Say your current house is worth Rs 1.5 crore and the loan outstanding is Rs 50 lakh. Will you sell this house and move to another one available at Rs 50 lakh? If yes, you generate a surplus of Rs 50 lakh, which can be invested in various instruments to create wealth. But in all likelihood, people will not move out of their primary residence just because the property value has gone up.
Vehicles: These usually cost a lot, but the value reduces drastically the minute it is out of the showroom. It is a depreciating asset. If you decide to sell it within a few years of purchase, you will not even be able to cover your loan. So, for all practical purposes, the value of the vehicle in your asset column will not add much to your personal wealth or networth.
Investments: Your investments in stocks and mutual funds will add tremendous value to your assets. As these are volatile, you should take its value at 70 per cent or less in your networth calculations. Bonds (if held till maturity) give stable returns, so you can take these at current value. These are safe, so there is little chance of the value being eroded.
Precious metals have been very stable over long periods. The current spike in the prices of gold and silver is unprecedented.
The real value of precious metals will be affected by the form you hold these in. The value of jewellery will be less than the same amount of metal held in bars/coins, which will be less than the value if held in the form of exchange traded funds.
In terms of liabilities, people usually tend to neglect the loans outstanding on their credit cards and also amounts they owe to friends or relatives.

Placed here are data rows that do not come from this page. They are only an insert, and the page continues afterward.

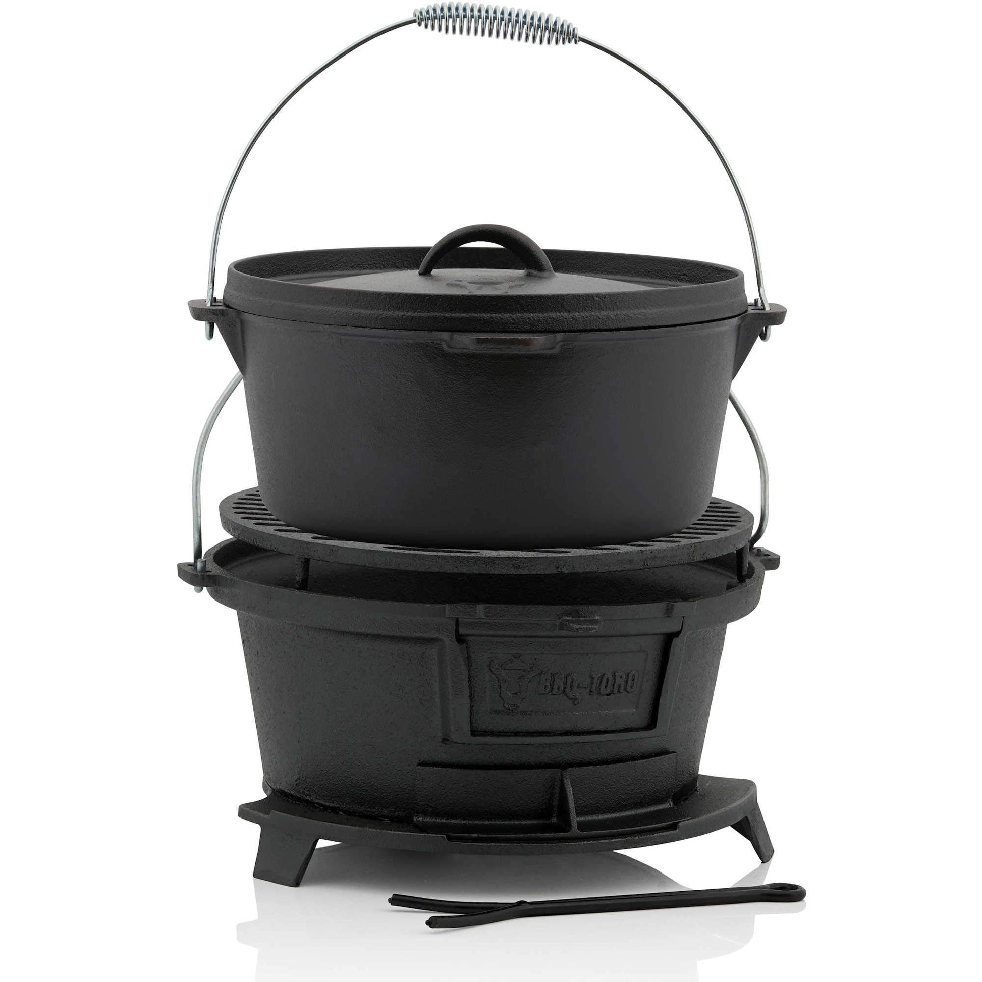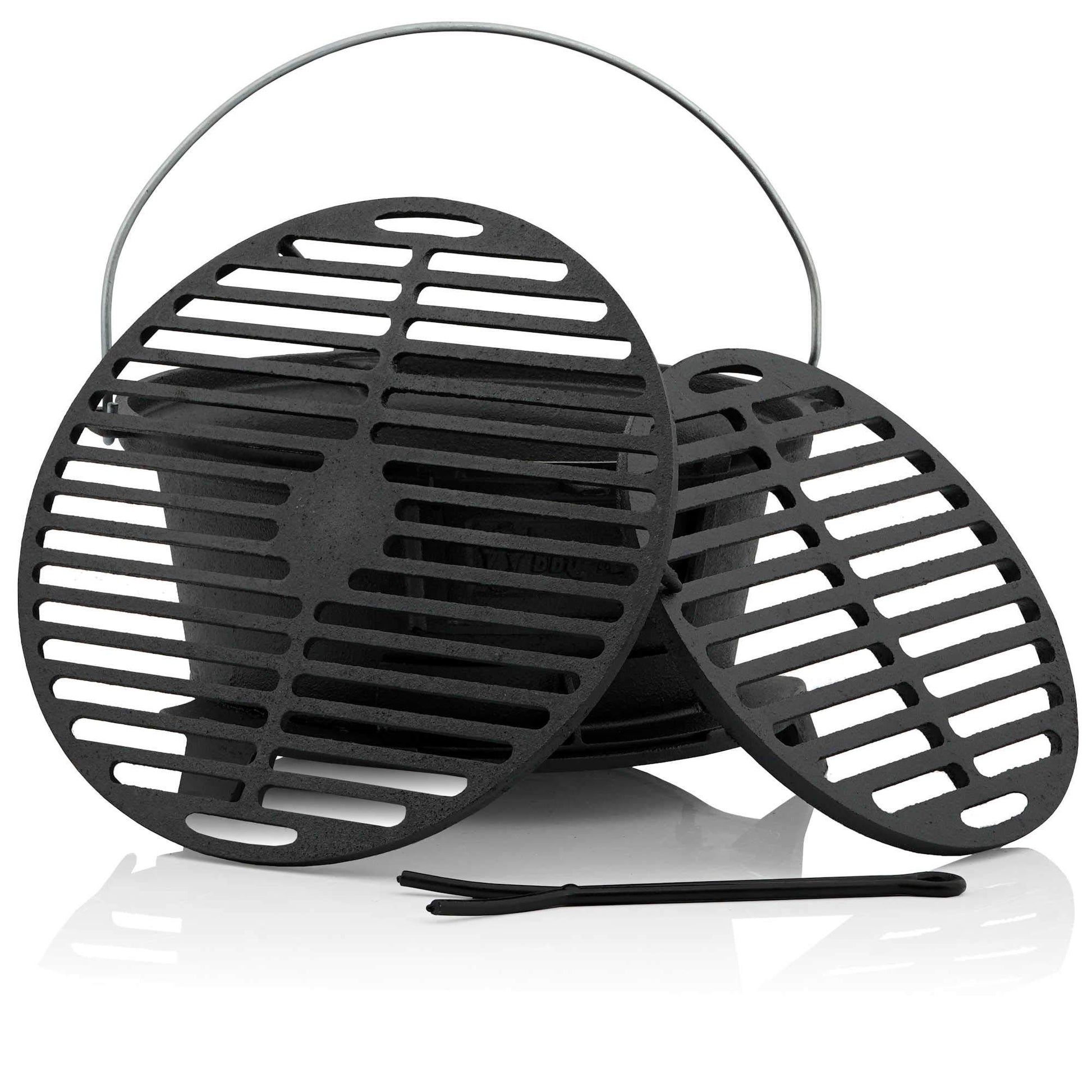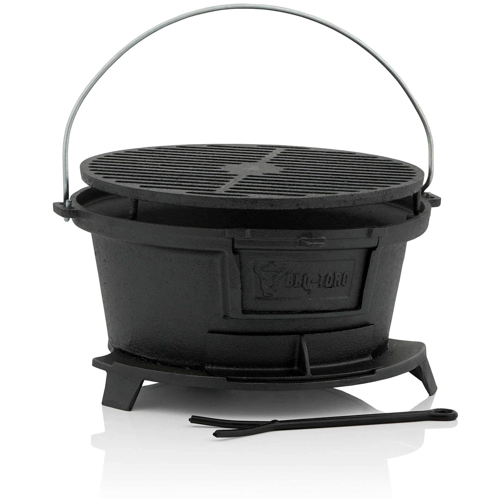 BBQ-Toro cast iron grill pot with grill grate | (W) 32 x (D) 33 x (H) 18 cm | Hibachi style grill with grate lifter | Charcoal camping grill, cast iron fire pot, BBQ grill, Dutch oven station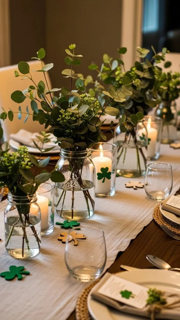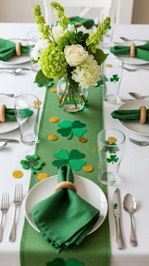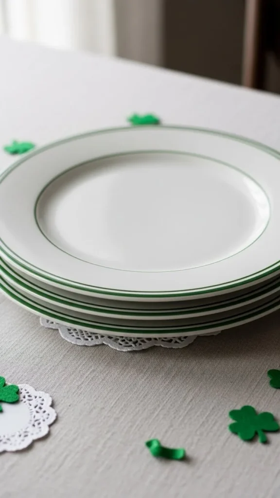 Paper clovers are easy to make and cost almost nothing. Use green cardstock or construction paper. Place one at each setting or scatter lightly down the table. Keep them small so they don’t clutter the space.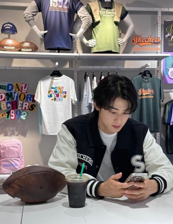 10일 차은우는 자신의 인스타그램에 "SKECHERS"라는 문구와 함께 여러 장의 사진을 게재했다.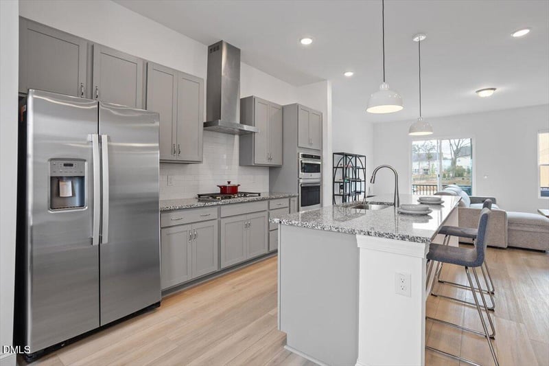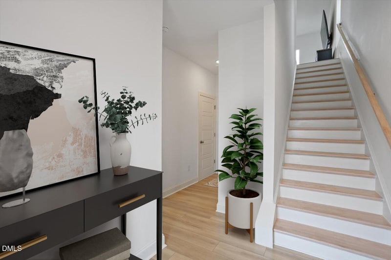 Listing details for 1434 Grove Village Rd, Wake Forest, NC 27587 : Positioned in a highly desirable Wake Forest community, this stunning end-unit rooftop townhome offers exceptional space, thoughtful upgrades, and versatility rarely found in townhome living. Featuring a two-car garage and a spacious multi-level design, the entry level welcomes you with a private guest suite complete with a full bath--ideal for visitors or multigenerational living--as well as a large coat closet just off the garage. The main living level showcases impressive 10-foot ceilings and durable LVP flooring throughout the entryway, staircase, and entire main floor. The open-concept layout is perfect for entertaining and truly lives like a single-family home. The gourmet kitchen is a showstopper, featuring quartz countertops, an oversized island with abundant cabinetry, and a custom upgraded pantry system. It flows seamlessly into the bright living area, complete with Yoolax automatic blinds, space for a 100-inch TV, and direct access to a private balcony. Upstairs, you'll find a convenient laundry closet with built-in shelving, spacious secondary bedrooms with generous closets--ideal for bedrooms or home office use--and a luxurious primary suite featuring custom closet shelving, fan prewire, and an additional Yoolax automatic blind system.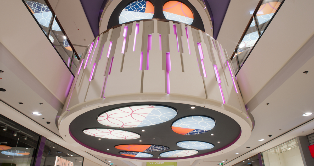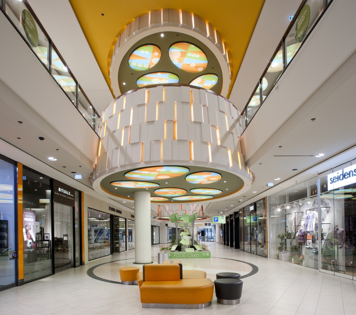 Všechny designové kapsle získávají díky integrovanému, barevnému osvětlení zvláštní účinek: Je to v důsledku zakulaceného tvaru a vyvolává asociace s designem fasády centra a Frankfurter Skyline.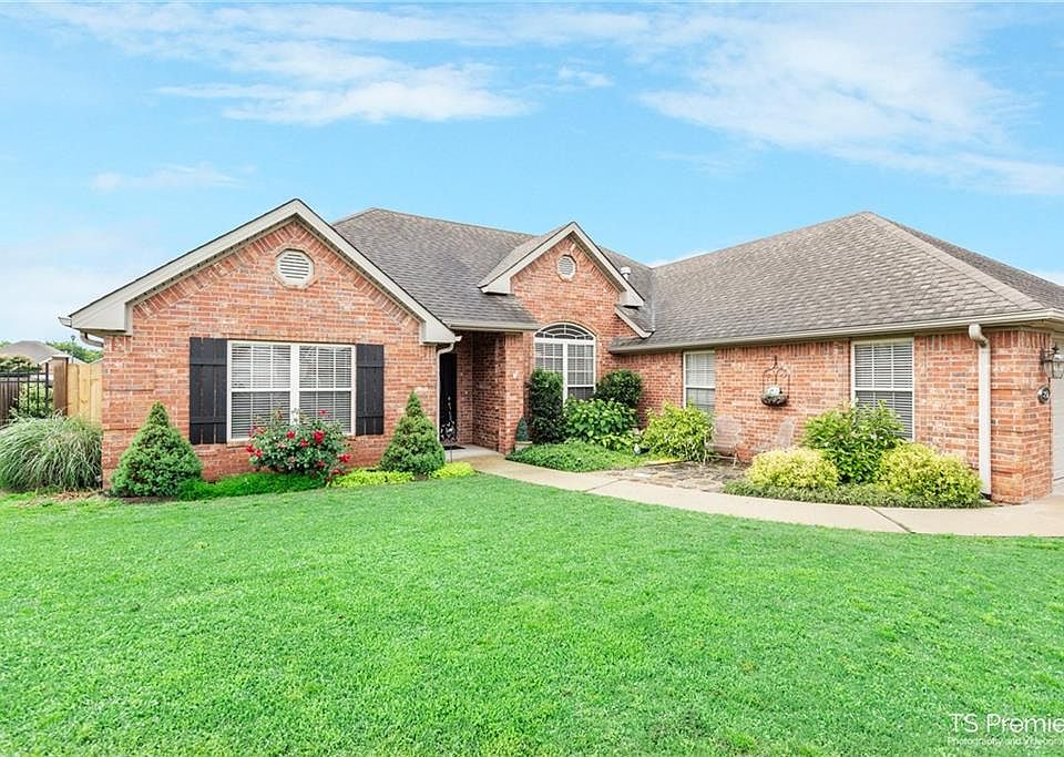 Better than new! Beautiful 3 Bedroom 2-1/2 bath home with formal dining. Amenities include: open split floor plan , formal dining, eat-in kitchen with breakfast bar, custom oak cabinets, under cabinet lighting, hall pantry, custom trim work, trey ceilings in master bedroom, living room and formal dining, fireplace with gas logs, luxury wood laminate flooring. The Master suite has a large walk-in closet , walk-in shower, 2 sinks and a whirlpool tub. Great outdoor living space with the covered back patio for entertaining family and friends. Custom built storage building, wood privacy fence with wrought iron gates and beautiful landscaping. The HVAC was replaced four years ago; water heater replaced three years ago, flooring 2013, dishwasher 2015, garbage disposal 2015. Great location! Close to schools, shopping, Public Library and within walking distance to Prairie Grove Water park. Come see all this home has to offer. New Roof and Gutters 2020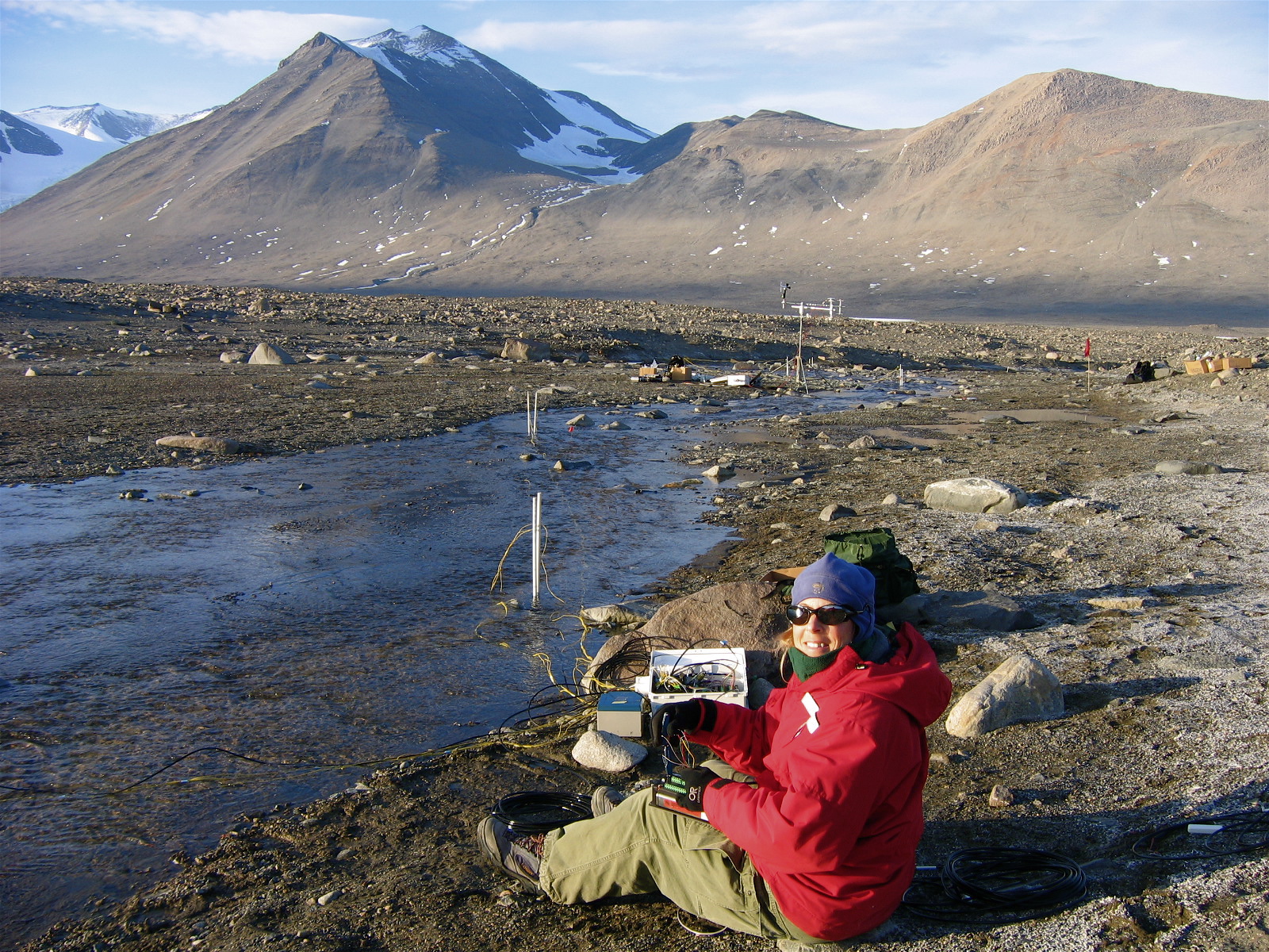 TREC teacher Dena Rosenberger stream monitoring in the Dry Valleys, Antarctica.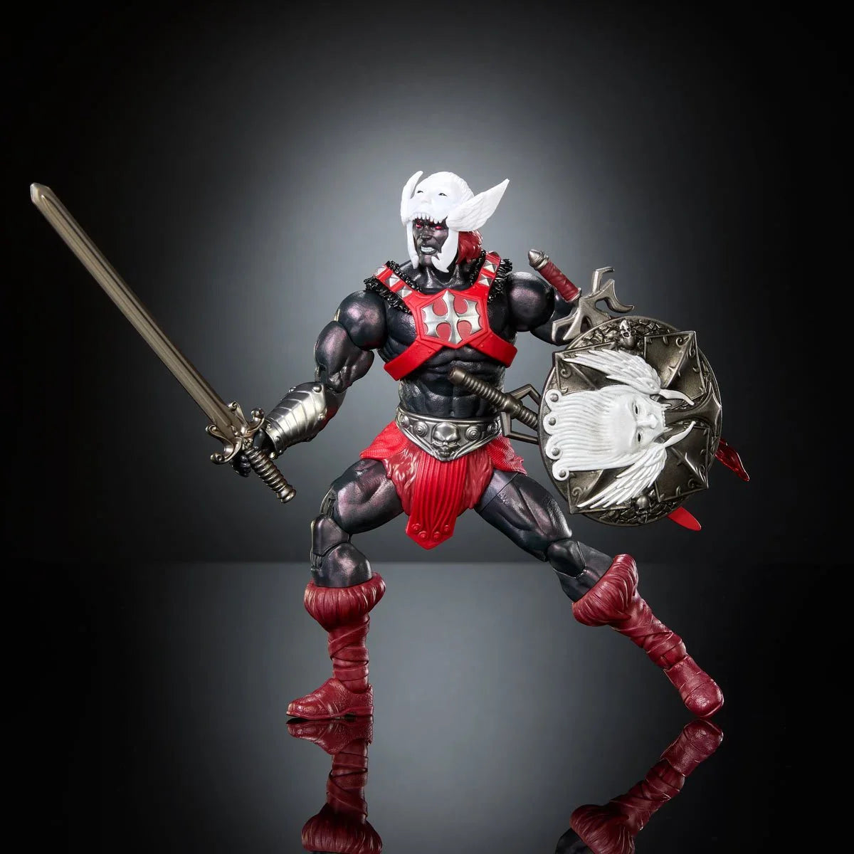 This MOTU Masterverse Anti-Eternia He-Man action figure is inspired by a graphic novel version of the character. Designed at 7-inch scale with 30 points of articulation, this menacing-looking He-Man comes with alternate hair, a ferocious-faced shield, an evil Power Sword and 2 additional swords he's collected. His armor includes a classic chest harness and a very non-traditional helmet. The Most Evil Man in the Universe comes with the high level of detail collectors expect and is beautifully packaged in a window box suitable for display. This Anti-Eternia He-Man makes a great addition to any Masters of the Universe collection; suitable for MOTU fans ages 6 years and older.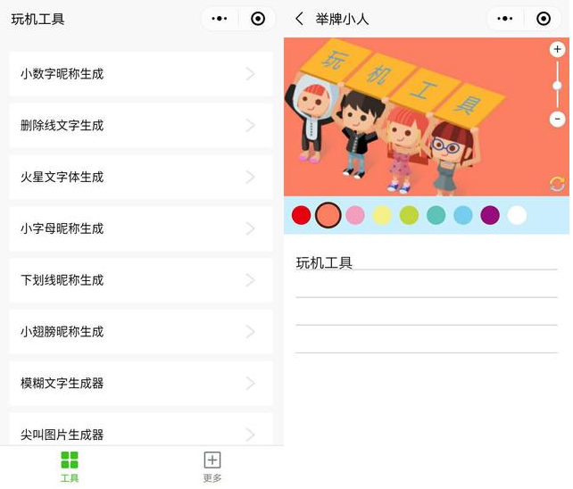 玩机工具就是一款小工具合集,非常实用,它可以生成火星文字体、小翅膀昵称、空白昵称、小人举牌等等,让你全方位展示自己独特的个性。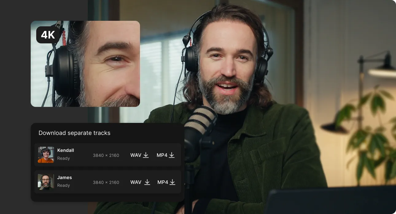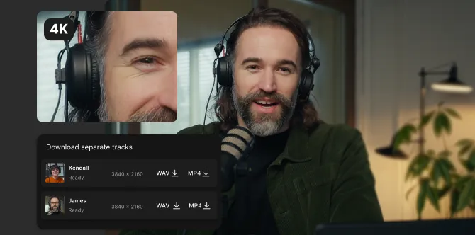 Mit der lokalen Aufnahme bekommst du bei Riverside immer Aufnahmen in bester Qualität – egal, wie stabil deine Internetverbindung gerade ist.

This can skew the real net worth.
So, how to create real wealth?
The basic idea is to increase your asset side and reduce your liability side. But be sure to invest in income or wealth generating assets. Like, property will create wealth only if it is not your primary residence - it should generate revenues in terms of rents and in the long-term, should be able to generate sufficient capital gains.
For many, this could mean taking a huge home loan. So, take care that you do not over-leverage yourself to create an illiquid asset. In adverse circumstances, if the real estate cycle takes a turn for the worse, your property prices and rental yields may fall while your interest rate on the loan might go up. This will put you in a tight situation in terms of cash flows and in a worse-case scenario, you might have to sell the property at a loss.
Diversify your investments in assets like stocks, bonds and mutual funds to create a solid base for your wealth. Keep investing regularly. Do not take loans to buy consumer goods that do not add to your wealth. Instead, look at accumulating funds to meet your needs.
Try to repay your expensive debts as soon as possible. If the rate on interest on your loan is more than what you can reasonably earn from your investments, then it makes no sense to continue the loan. In such cases, surpluses should be diverted to repay the loan, thus bringing down the liability and increasing the networth. Once the loan is repaid, the surplus can be targeted towards appropriate investments to increase the asset creation.
Review your networth annually. It will give you a fair picture of whether you are moving in the correct direction in planning your finances or not.